Friederich Hayek and Will Rogers on the Democratic Party
I am not a member of any organized political party. I am a Democrat. (Will Rogers)
I came across the following argument online — I put it in my own words:
The Democrats claim to regard Trump as an existential risk, someone whose election could end democracy in the US. If they believe that, they should have been willing, over the past four years, to move towards the center, give up some of their political/ideological objectives in order to make it more likely that Trump would lose the 2024 election. They didn’t. Biden, having run for the nomination as a centrist Democrat, proceeded to act as a left-wing Democrat, even if not as far left as Sanders and AOC might have wanted.
Hence they did not believe their own rhetoric about how bad electing Trump would be.
The conclusion may well be true but there is a mistake in the argument — it treats the Democratic party, perhaps the left more generally, as an organization, a metaphorical person acting to achieve objectives.
It isn’t.
Many years ago I heard a talk by Hayek on the difference between an organization and a self-generating order. An organization has purposes and acts to achieve them. A self-generating order acts as a result of some internal logic but has no objective it is acting to achieve. It may, very likely will, act in ways that fit no objective any of the individual actors who make it up desire.
Consider the biosphere, the set of living creatures produced by evolution. Each individual organism can be seen as designed to maximize its reproductive success but neither the species nor the biosphere as a whole fits any similar pattern. Predator species are designed to be able to run down their prey, prey species to be able to run away from their predators. A design that slowed both species down would free up resources to let each better achieve reproductive success or any other plausible objective. Similarly across many other examples, the characteristics and behavior of species make sense only in a world in which no single mind is designing all of them. Even within a species, design is for individual reproductive success not species success, with males designed to defeat other males in the competition for mates.
Darwinian evolution is, in that respect, a better explanation of the world as we observe it than intelligent design.
For an economist, the obvious example of a self-generating order is the market. It is probably the example Hayek used in the talk I am remembering. It is a worse example than the biosphere because it comes closer than the biosphere to looking like something rationally designed to achieve objectives of its constituent actors.1 But even the market does not entirely fit that pattern because of the existence of market failure, situations where the outcome of the market can be explained by individual rationality but is not consistent with group rationality, could be improved for all concerned by a sufficiently intelligent and benevolent social planner.

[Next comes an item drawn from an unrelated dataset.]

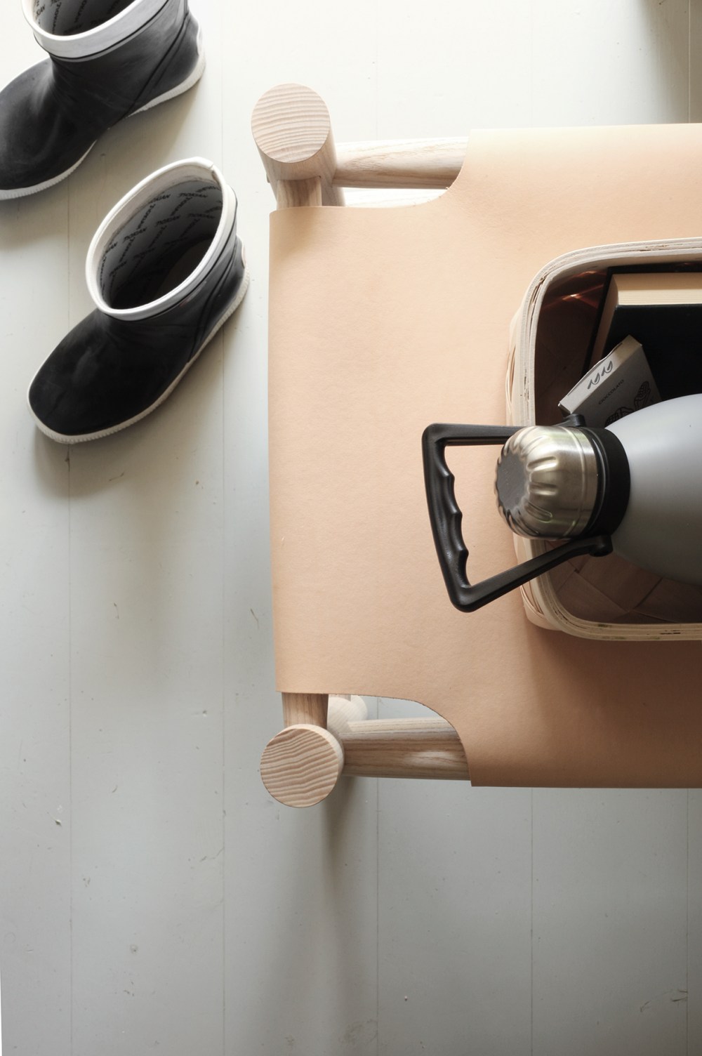 ’Odda’ on valmistettu parkitusta nahasta ja saarnesta Suomessa. Penkki kulkee kätevästi tuubipaketissa ja ostaja voi koota penkin helposti käsin ilman liimaa ja ruuveja.
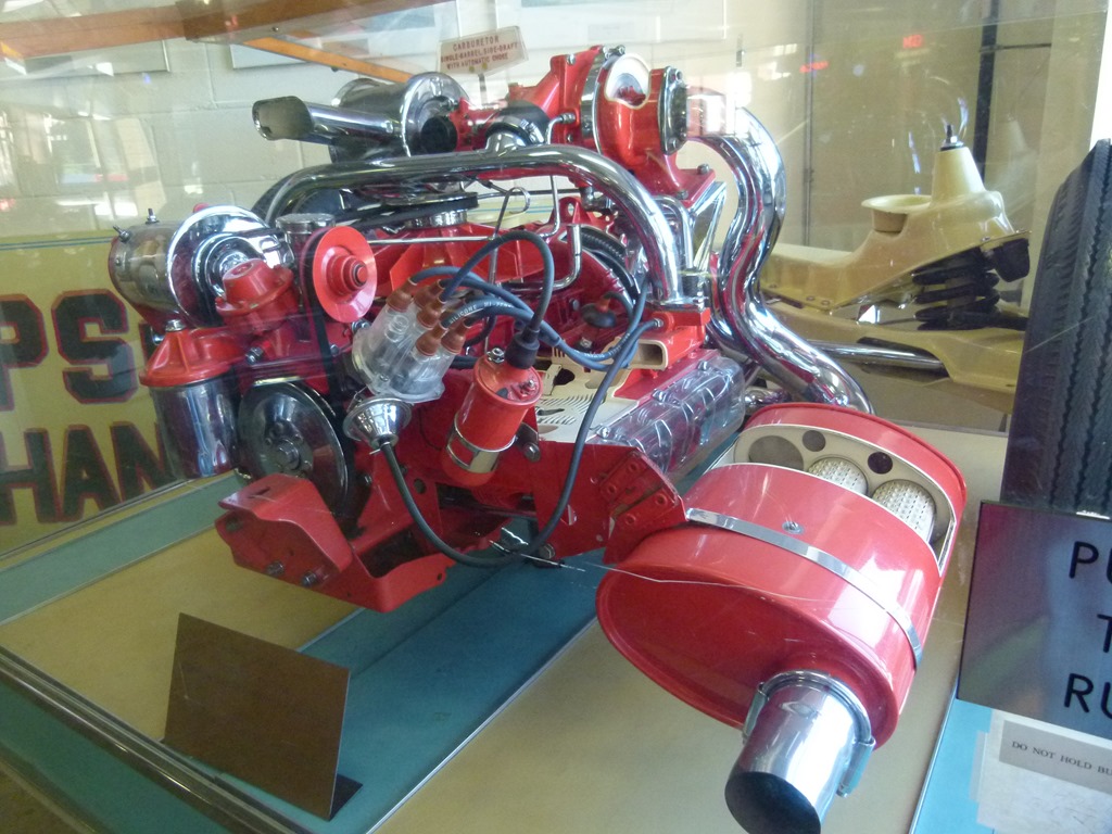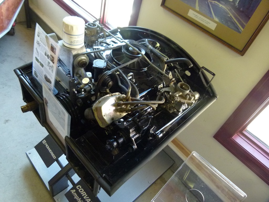 The engine above was a turbo-charged Corvair motor. The Corvair engines were six cylinder and horizontally opposed. That is three cylinders opposite each other. Some people call it a boxer engine. The only other company to build such engines would be Porsche.

The Democratic Party has the form of an organization but is more like a market. Democratic politicians are not employees acting on orders from a superior but individuals acting for their own objectives. The candidates in a primary are not acting for the benefit of the party — if they were they could decide among themselves which had the best chance of defeating the Republican candidate and save their supporters’ money for the election. The voters in the primary are not acting for the benefit of the party, not voting entirely on the basis of which candidate is most likely to win the election and make the party stronger but on some mix of that and which candidate will push the policies the voter prefers. For a pro-Hamas voter, to take the sharpest current internal conflict in the party, a pro-Hamas candidate with a forty percent chance of winning the election is better than a pro-Israel candidate with a sixty percent chance.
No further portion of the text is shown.